Afin de pallier l’inconvénient posé par la GmbH en termes de capital social, le législateur allemand a instauré une « nouvelle » forme de société en 2008. Cette société est communément appelée « mini-GmbH ». Elle permet aux personnes ne disposant pas des liquidités suffisantes, de créer une UG et d’acquérir le statut de GmbH, une fois les liquidités disponibles.

Elle présente donc quasiment les mêmes caractéristiques que la GmbH.

Principales différences par rapport à la GmbH :

  • Capital social minimum : 1 €
  • Obligation comptable : Obligation de porter ¼ des bénéfices annuels en réserve jusqu’à obtention d’un montant équivalent à 25 000 € avec le capital social initial
  • Dénomination : la dénomination de la société doit obligatoirement comporter le complément « Unternehmergesellschaft (haftungsbeschränkt) » ou « UG (haftungsbeschränkt) »

Principal inconvénient : Cette forme de société ne bénéficie pas d’une très bonne renommée sur le marché allemand. Elle est souvent utilisée par des entrepreneurs douteux, ne présentant pas les sécurités requises à leurs partenaires commerciaux. Il peut donc arriver que les fournisseurs ou les banques se montrent réticents à accorder des avances, prêts ou autres avantages à ce type de société.

  1. La société anonyme (Aktiengesellschaft – AG)

Cette forme de société est rarement utilisée par les PME en Allemagne. Elle est plutôt réservée aux grandes entreprises.

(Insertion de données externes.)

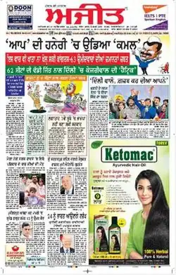 Ajit (Daily Ajit) is a Punjabi language daily newspaper published in Jalandhar, India.[1] The newspaper is run by Sadhu Singh Hamdard Trust[2] and has been publishing since 1941.[3] Veteran journalist and ex-Rajya Sabha member, Barjinder Singh Hamdard, is the current editor-in-chief. In 2007–08, it claimed a circulation of more than 333,000.[4]
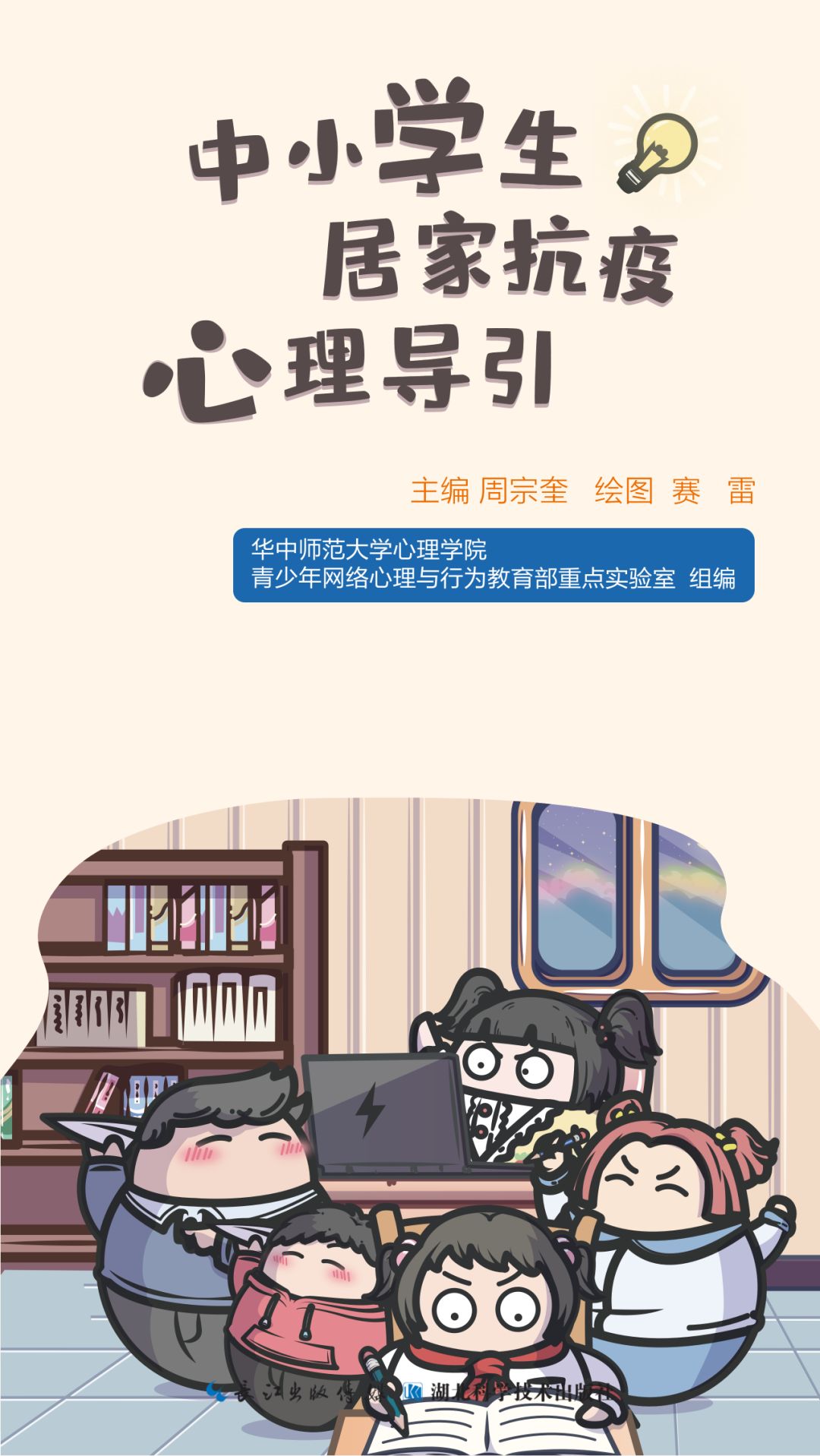 为了帮助广大青少年缓解心理压力,在教育部中小学心理健康教育专家指导委员会指导下,专委会委员周宗奎教授领衔华中师范大学心理学院和青少年网络心理与行为教育部重点实验室的多位专家教授,策划编写了《中小学生居家抗疫心理导引》一书。目前,以该创作团队为核心成员的教育部华中师范大学心理援助热线平台也已公开发布,同“心”战“疫”,携手前行!
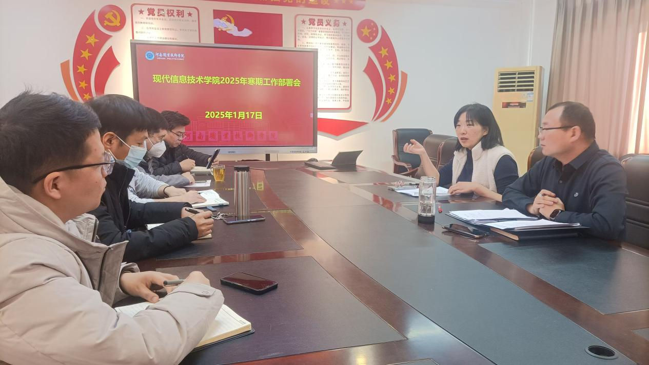 为确保学院寒假期间各项工作平稳有序推进,现代信息技术学院与1月17日召开了2025年寒期工作部署会。本次会议由党总支书记、院长李纪云主持,副院长董俊磊、各教研室主任共同参与此次会议,共同谋划寒期工作蓝图。
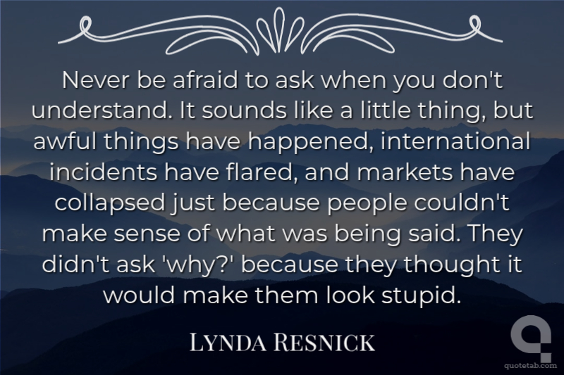 Never be afraid to ask when you don't understand. It sounds like a little thing, but awful things have happened, international incidents have flared, and markets have collapsed just because people couldn't make sense of what was being said. They didn't ask 'why?' because they thought it would make them look stupid.
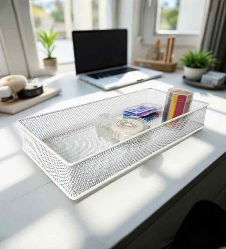 Maximise storage with our Stackable Mesh Storage Organiser, crafted from durable, powder-coated metal for a sleek and sturdy design. Its stackable structure helps optimize space, making it perfect for organizing office supplies, toiletries, kitchen essentials, and more. The open-mesh design ensures visibility and easy access, keeping your space tidy and efficient!
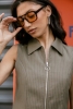 • Matière légèrement stretch et brillante, kaki à fines rayures roses
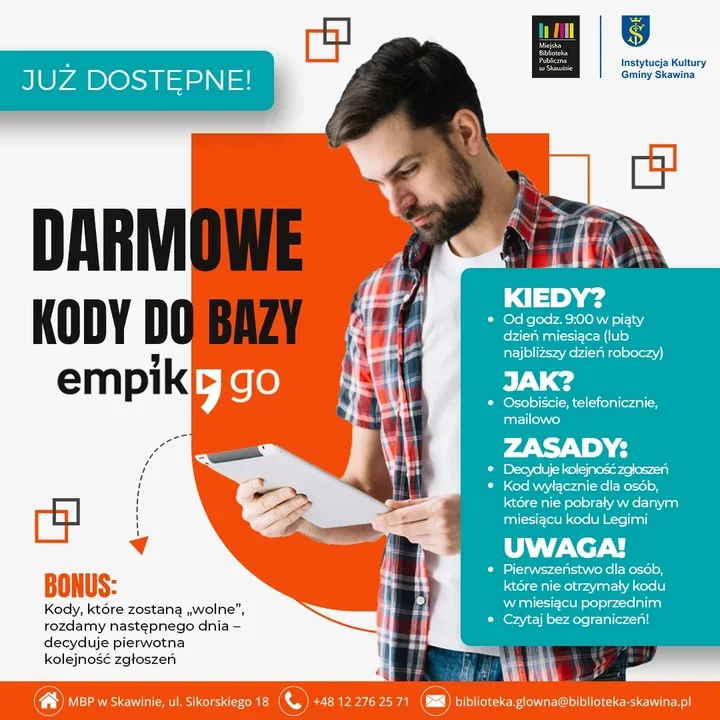 Miejska Biblioteka Publiczna w Skawinie udostępnia bezpłatne kody na platformę EmpikGo, które pozwalają korzystać z bazy około 32 000 ebooków, 6 000 audiobooków i 12 000 podcastów 😊. Warunki są proste, ale warto je znać - dzięki temu wiadomo, kto ma pierwszeństwo i kiedy zgłaszać się po kod.

  • Associés : Comme la GmbH, l’AG peut être constituée par une ou plusieurs personnes physiques ou morales.
  • Capital social minimum : 50 000 €
  • Libération : En cas de libération en numéraire, chaque action doit être libérée à concurrence d’un quart au moins à la création de la société. Le montant minimum dont il faut disposer pour la création d’une AG est donc également de 12 500  .
  • Représentation : L’AG est représentée par un directoire (Vorstand) constitué d’une ou plusieurs personnes physiques.
  • Contrôle : Le directoire est nommé et contrôlé par un conseil de surveillance (Aufsichtsrat).
 
  1. La GmbH & Co. KG

Une forme de société fréquemment utilisée en Allemagne est la société en commandite (« Kommanditgesellschaft – KG »). En tant que société de personnes, cette société est transparente sur le plan fiscal et présente les autres caractéristiques des sociétés de personnes mentionnées ci-dessus (cf. point III. 1.a.).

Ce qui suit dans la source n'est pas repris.